**Task to complete:** All the lines below need to be transcribed exactly. Pictures get left out.

**Supplied information:**
────────
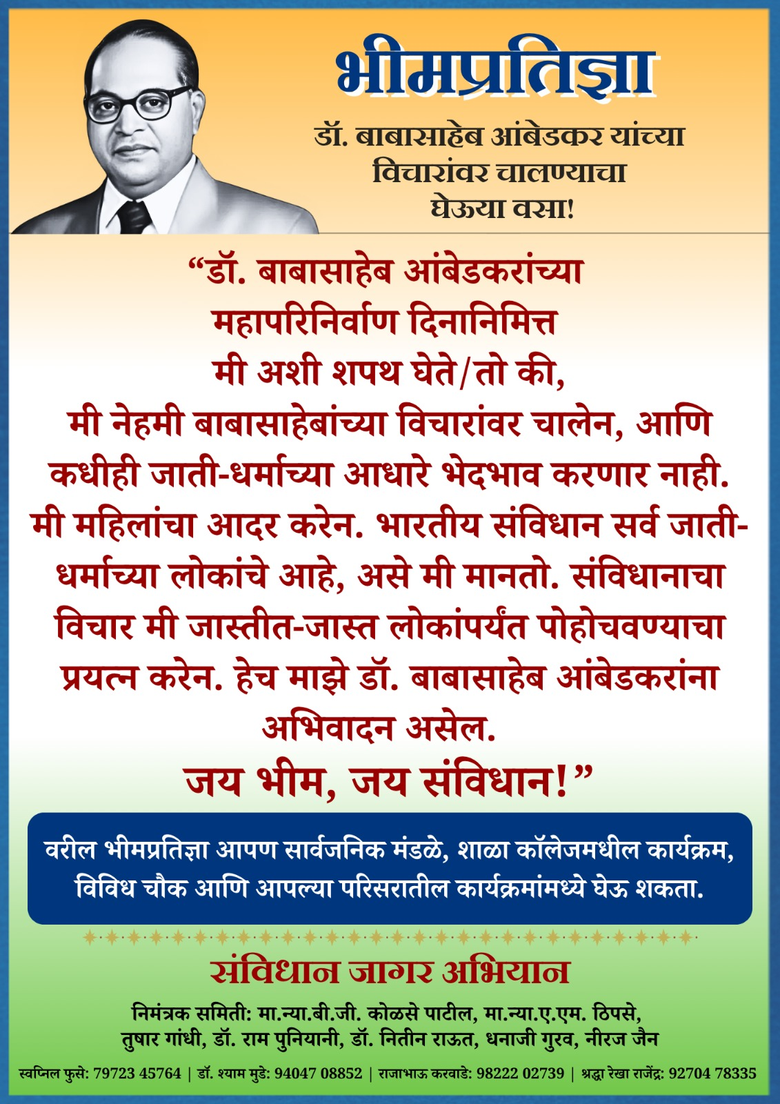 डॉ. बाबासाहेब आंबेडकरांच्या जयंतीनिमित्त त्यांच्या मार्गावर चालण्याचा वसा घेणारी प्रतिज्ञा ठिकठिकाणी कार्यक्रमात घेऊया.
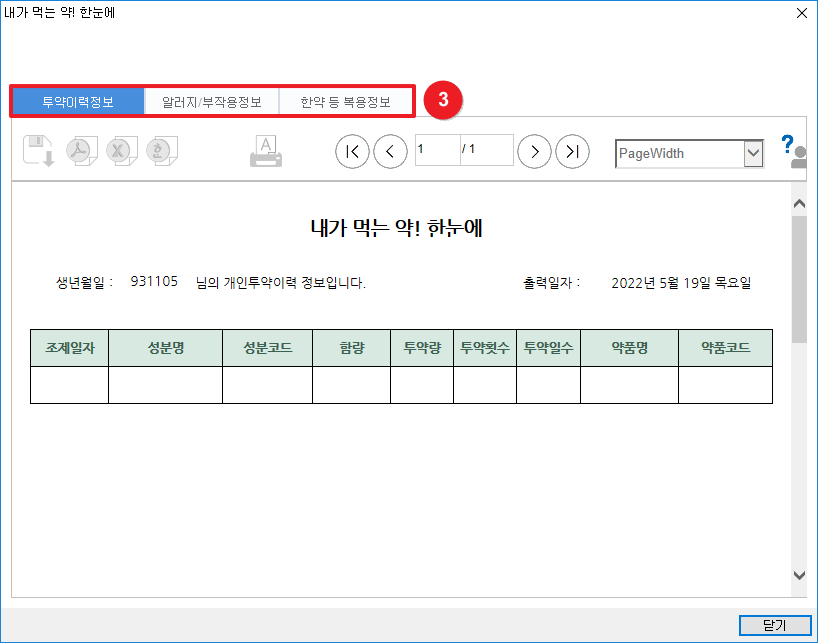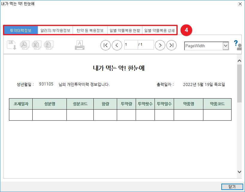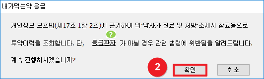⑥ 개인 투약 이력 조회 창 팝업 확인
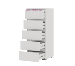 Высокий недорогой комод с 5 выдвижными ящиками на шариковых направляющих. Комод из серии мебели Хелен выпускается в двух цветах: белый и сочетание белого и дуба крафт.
────────
**Output:**
 डॉ. बाबासाहेब आंबेडकरांच्या जयंतीनिमित्त त्यांच्या मार्गावर चालण्याचा वसा घेणारी प्रतिज्ञा ठिकठिकाणी कार्यक्रमात घेऊया.
⑥ 개인 투약 이력 조회 창 팝업 확인
 Высокий недорогой комод с 5 выдвижными ящиками на шариковых направляющих. Комод из серии мебели Хелен выпускается в двух цветах: белый и сочетание белого и дуба крафт.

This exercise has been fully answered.